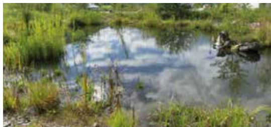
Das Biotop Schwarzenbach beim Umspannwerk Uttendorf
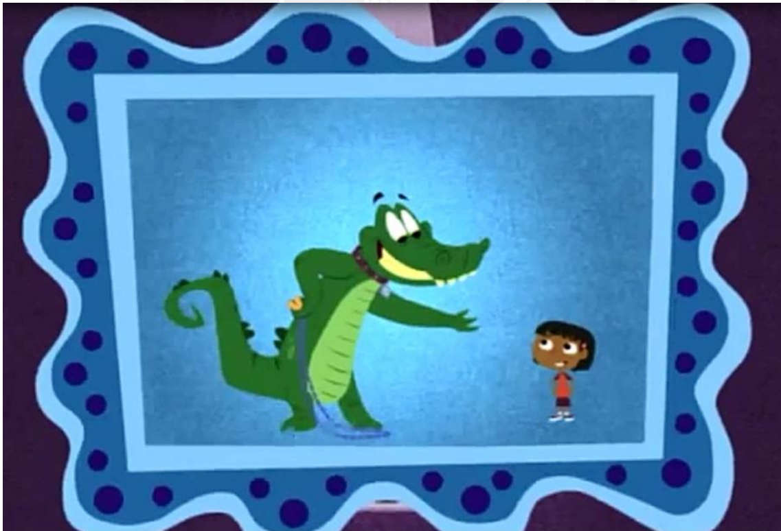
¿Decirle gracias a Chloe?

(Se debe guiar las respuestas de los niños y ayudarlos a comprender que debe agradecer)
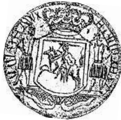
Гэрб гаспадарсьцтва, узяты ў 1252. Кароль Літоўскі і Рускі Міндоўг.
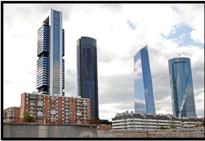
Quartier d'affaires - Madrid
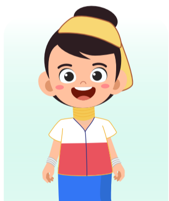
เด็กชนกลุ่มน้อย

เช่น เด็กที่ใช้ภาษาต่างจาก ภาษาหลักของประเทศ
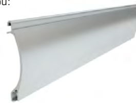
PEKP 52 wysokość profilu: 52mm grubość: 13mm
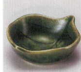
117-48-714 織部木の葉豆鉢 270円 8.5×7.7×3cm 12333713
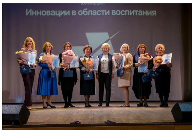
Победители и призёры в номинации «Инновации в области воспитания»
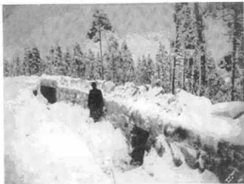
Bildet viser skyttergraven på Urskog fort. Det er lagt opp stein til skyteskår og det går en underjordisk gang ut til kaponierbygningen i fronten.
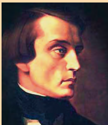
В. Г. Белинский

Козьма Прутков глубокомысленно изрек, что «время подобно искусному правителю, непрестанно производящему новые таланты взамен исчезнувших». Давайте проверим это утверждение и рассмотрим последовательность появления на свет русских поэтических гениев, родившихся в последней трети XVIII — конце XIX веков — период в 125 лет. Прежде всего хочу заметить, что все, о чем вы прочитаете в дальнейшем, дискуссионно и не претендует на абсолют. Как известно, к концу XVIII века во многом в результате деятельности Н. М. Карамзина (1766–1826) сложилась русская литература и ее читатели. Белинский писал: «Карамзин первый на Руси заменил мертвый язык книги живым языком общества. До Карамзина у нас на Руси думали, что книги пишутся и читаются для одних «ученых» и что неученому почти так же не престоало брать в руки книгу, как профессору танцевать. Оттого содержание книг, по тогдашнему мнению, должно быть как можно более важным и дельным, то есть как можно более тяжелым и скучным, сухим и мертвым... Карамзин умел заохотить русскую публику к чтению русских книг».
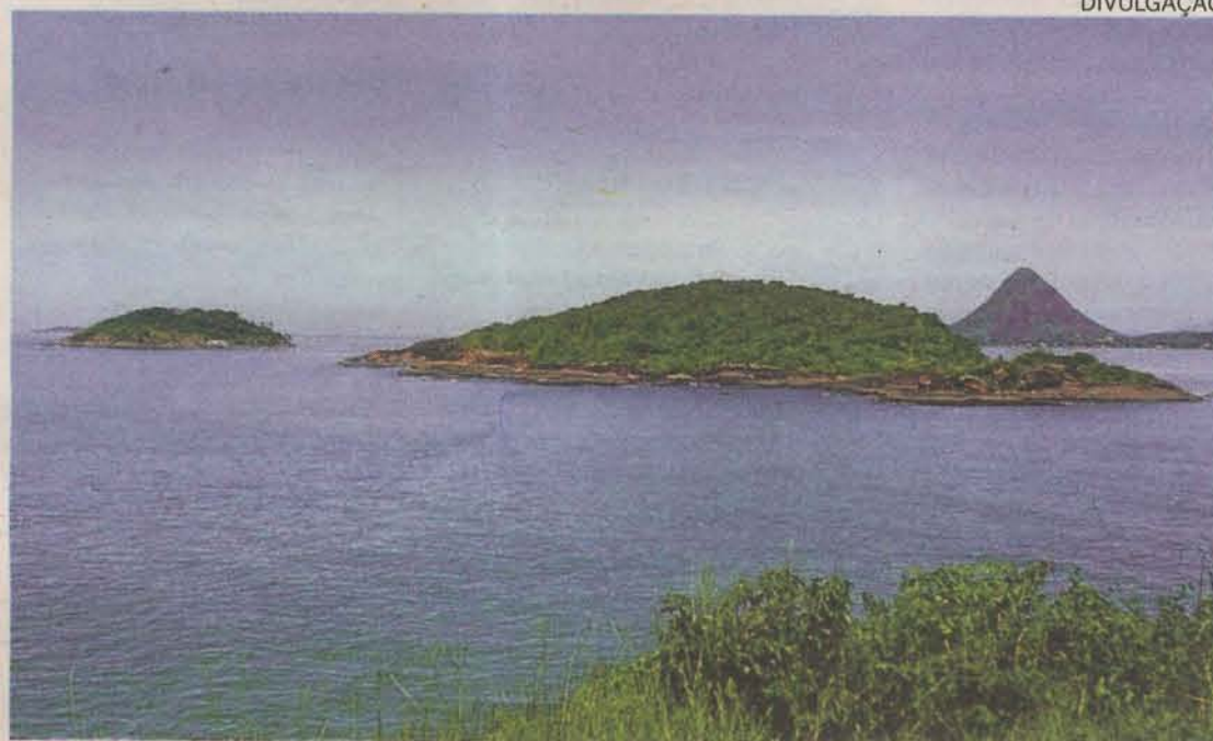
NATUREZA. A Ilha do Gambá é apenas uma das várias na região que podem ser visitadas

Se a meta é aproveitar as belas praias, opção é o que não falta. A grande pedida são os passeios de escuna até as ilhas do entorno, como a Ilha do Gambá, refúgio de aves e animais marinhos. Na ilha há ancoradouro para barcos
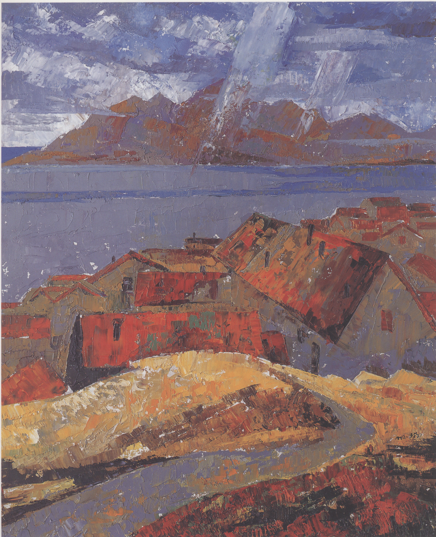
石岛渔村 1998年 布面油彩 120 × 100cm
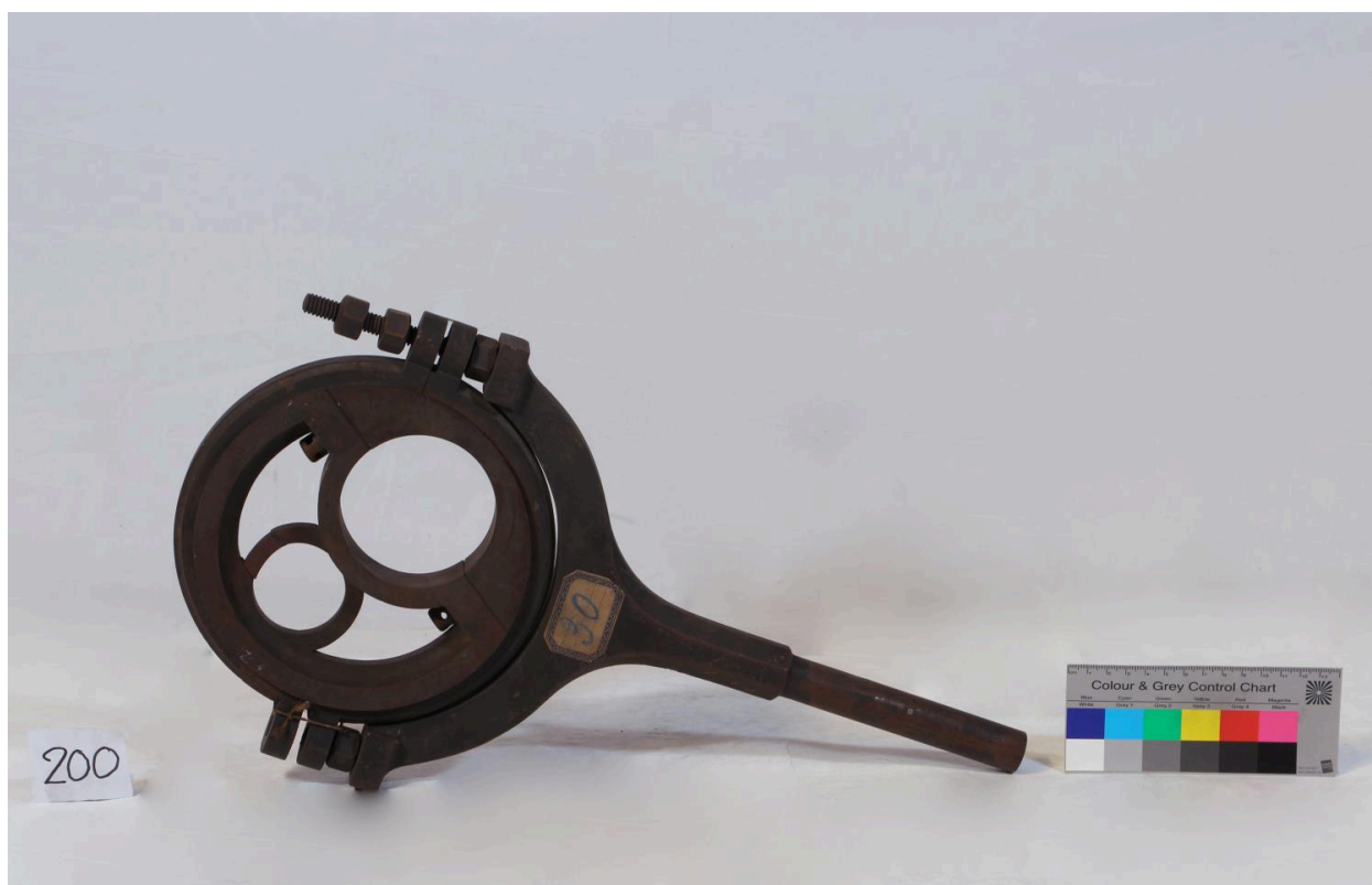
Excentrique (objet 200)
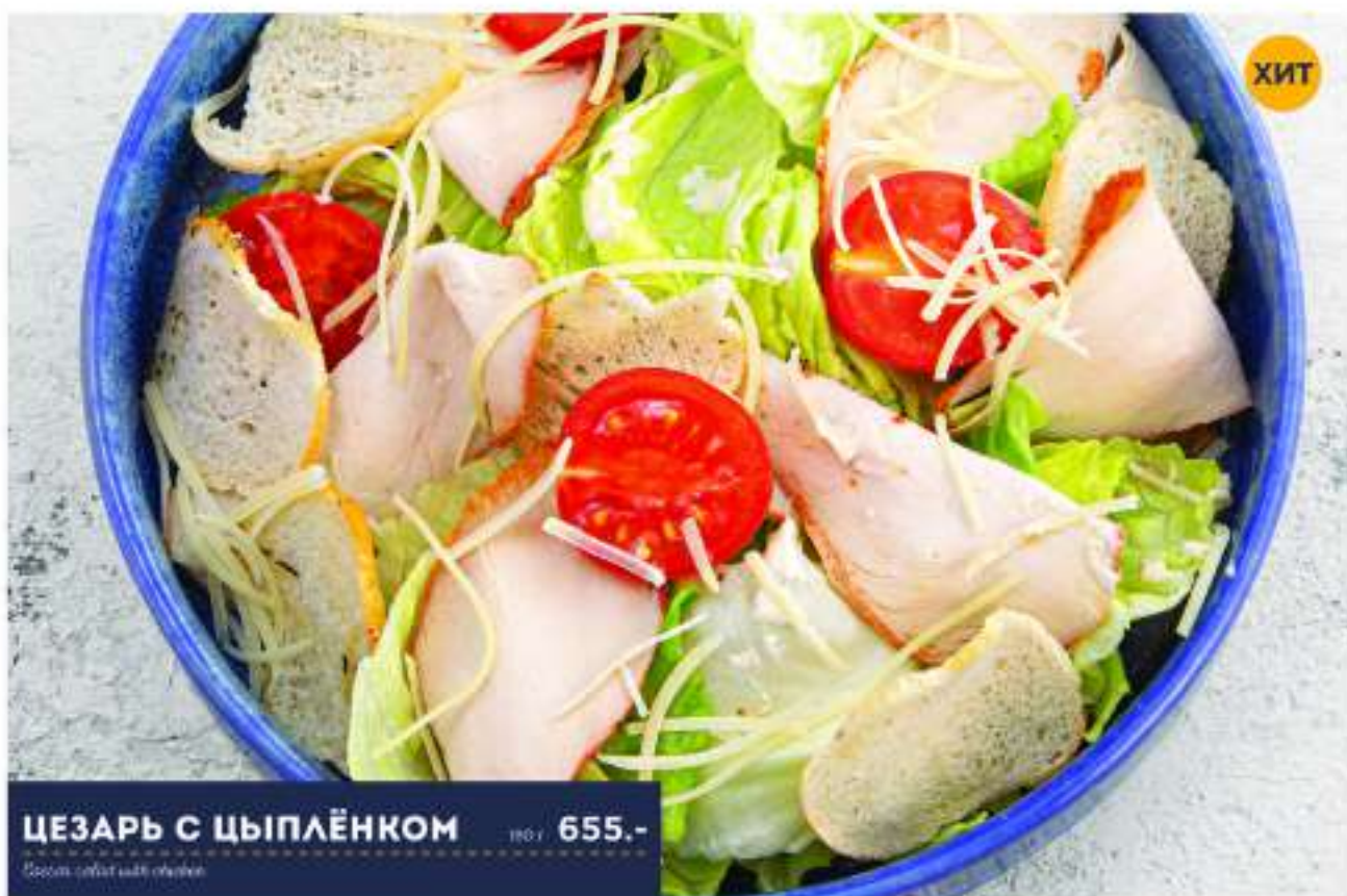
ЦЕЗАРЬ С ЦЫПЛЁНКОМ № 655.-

........

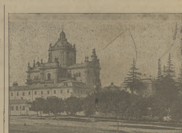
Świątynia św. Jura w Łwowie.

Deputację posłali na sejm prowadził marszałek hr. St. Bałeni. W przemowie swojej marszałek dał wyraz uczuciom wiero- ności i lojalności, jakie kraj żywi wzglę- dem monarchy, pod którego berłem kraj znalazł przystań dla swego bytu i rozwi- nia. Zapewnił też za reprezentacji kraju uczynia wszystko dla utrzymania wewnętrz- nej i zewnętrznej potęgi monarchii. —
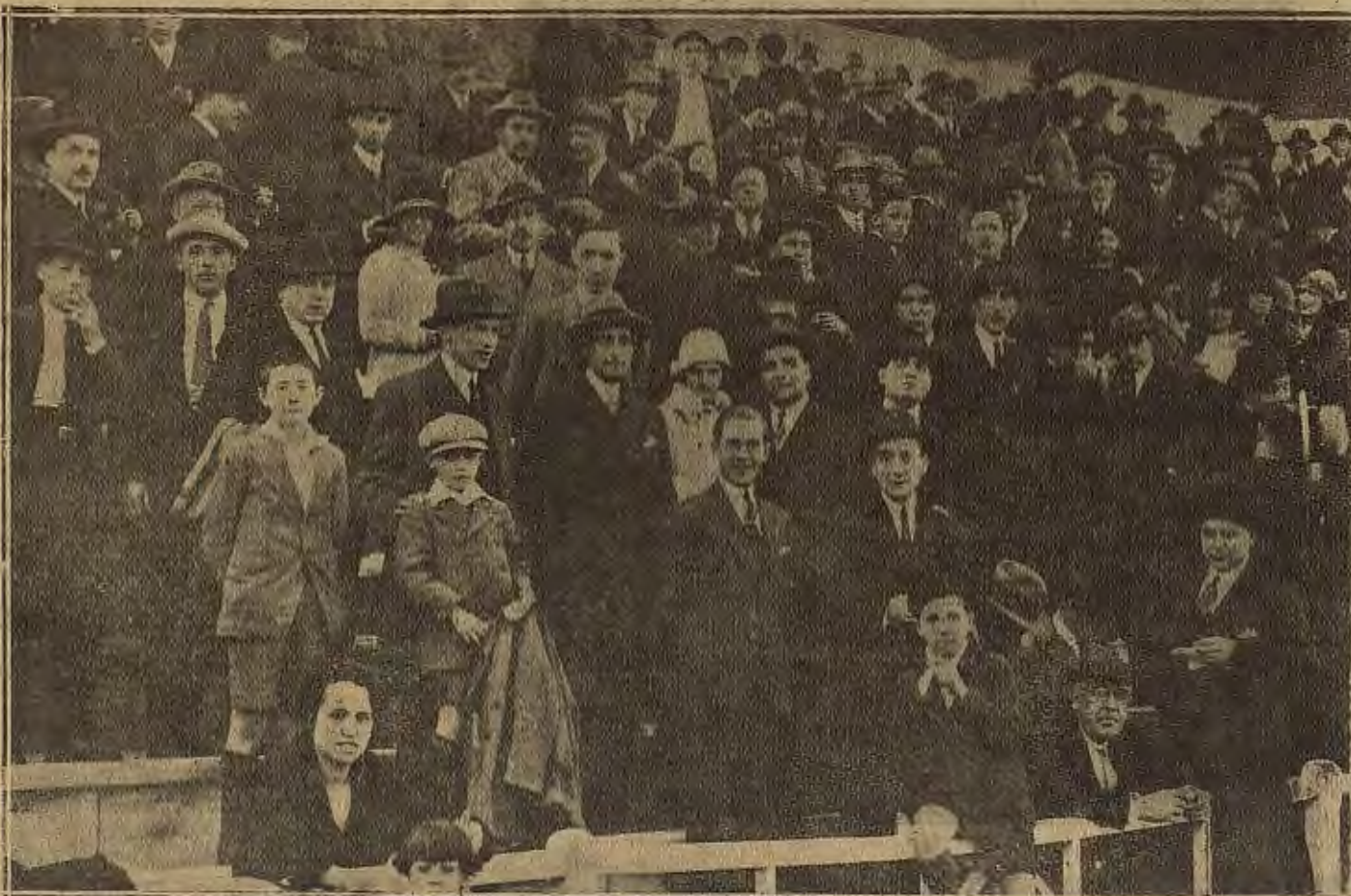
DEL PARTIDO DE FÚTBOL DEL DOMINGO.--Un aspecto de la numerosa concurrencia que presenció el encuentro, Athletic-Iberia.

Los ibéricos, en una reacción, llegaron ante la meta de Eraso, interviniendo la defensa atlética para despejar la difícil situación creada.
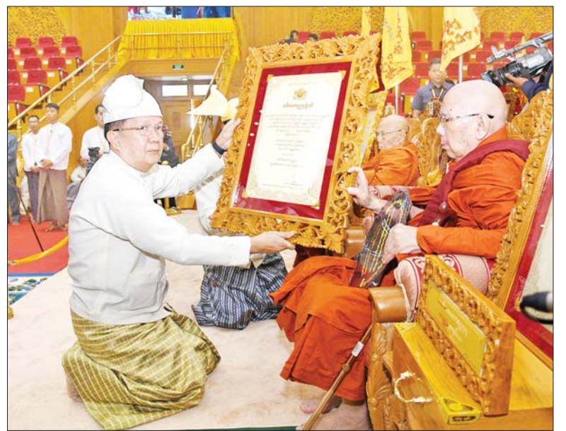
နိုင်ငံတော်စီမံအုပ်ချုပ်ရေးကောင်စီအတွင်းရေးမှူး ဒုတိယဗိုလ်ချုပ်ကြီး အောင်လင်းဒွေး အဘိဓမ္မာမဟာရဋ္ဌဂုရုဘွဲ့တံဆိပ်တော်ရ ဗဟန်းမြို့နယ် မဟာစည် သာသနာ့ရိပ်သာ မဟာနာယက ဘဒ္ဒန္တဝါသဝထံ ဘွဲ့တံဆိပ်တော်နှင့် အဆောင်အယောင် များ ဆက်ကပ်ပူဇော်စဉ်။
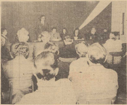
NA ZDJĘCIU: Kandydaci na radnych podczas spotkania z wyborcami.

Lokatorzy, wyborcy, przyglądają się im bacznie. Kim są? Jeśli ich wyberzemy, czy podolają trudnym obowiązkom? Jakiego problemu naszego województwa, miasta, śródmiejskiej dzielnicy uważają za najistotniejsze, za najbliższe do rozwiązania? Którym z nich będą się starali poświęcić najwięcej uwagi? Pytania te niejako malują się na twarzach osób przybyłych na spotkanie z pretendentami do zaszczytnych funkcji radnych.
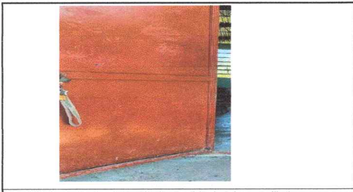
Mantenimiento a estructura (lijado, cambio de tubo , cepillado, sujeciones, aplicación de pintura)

........

_Task brief_:
Start at the line containing "Das Biotop Schwarzenbach" above and stop at the line containing "NATUREZA. A Ilha". Output those lines exactly, both included, but none of the pictures.

_Task result_:
Das Biotop Schwarzenbach beim Umspannwerk Uttendorf
¿Decirle gracias a Chloe?

(Se debe guiar las respuestas de los niños y ayudarlos a comprender que debe agradecer)
Гэрб гаспадарсьцтва, узяты ў 1252. Кароль Літоўскі і Рускі Міндоўг.
Quartier d'affaires - Madrid
เด็กชนกลุ่มน้อย

เช่น เด็กที่ใช้ภาษาต่างจาก ภาษาหลักของประเทศ
PEKP 52 wysokość profilu: 52mm grubość: 13mm
117-48-714 織部木の葉豆鉢 270円 8.5×7.7×3cm 12333713
Победители и призёры в номинации «Инновации в области воспитания»
Bildet viser skyttergraven på Urskog fort. Det er lagt opp stein til skyteskår og det går en underjordisk gang ut til kaponierbygningen i fronten.
В. Г. Белинский

Козьма Прутков глубокомысленно изрек, что «время подобно искусному правителю, непрестанно производящему новые таланты взамен исчезнувших». Давайте проверим это утверждение и рассмотрим последовательность появления на свет русских поэтических гениев, родившихся в последней трети XVIII — конце XIX веков — период в 125 лет. Прежде всего хочу заметить, что все, о чем вы прочитаете в дальнейшем, дискуссионно и не претендует на абсолют. Как известно, к концу XVIII века во многом в результате деятельности Н. М. Карамзина (1766–1826) сложилась русская литература и ее читатели. Белинский писал: «Карамзин первый на Руси заменил мертвый язык книги живым языком общества. До Карамзина у нас на Руси думали, что книги пишутся и читаются для одних «ученых» и что неученому почти так же не престоало брать в руки книгу, как профессору танцевать. Оттого содержание книг, по тогдашнему мнению, должно быть как можно более важным и дельным, то есть как можно более тяжелым и скучным, сухим и мертвым... Карамзин умел заохотить русскую публику к чтению русских книг».
NATUREZA. A Ilha do Gambá é apenas uma das várias na região que podem ser visitadas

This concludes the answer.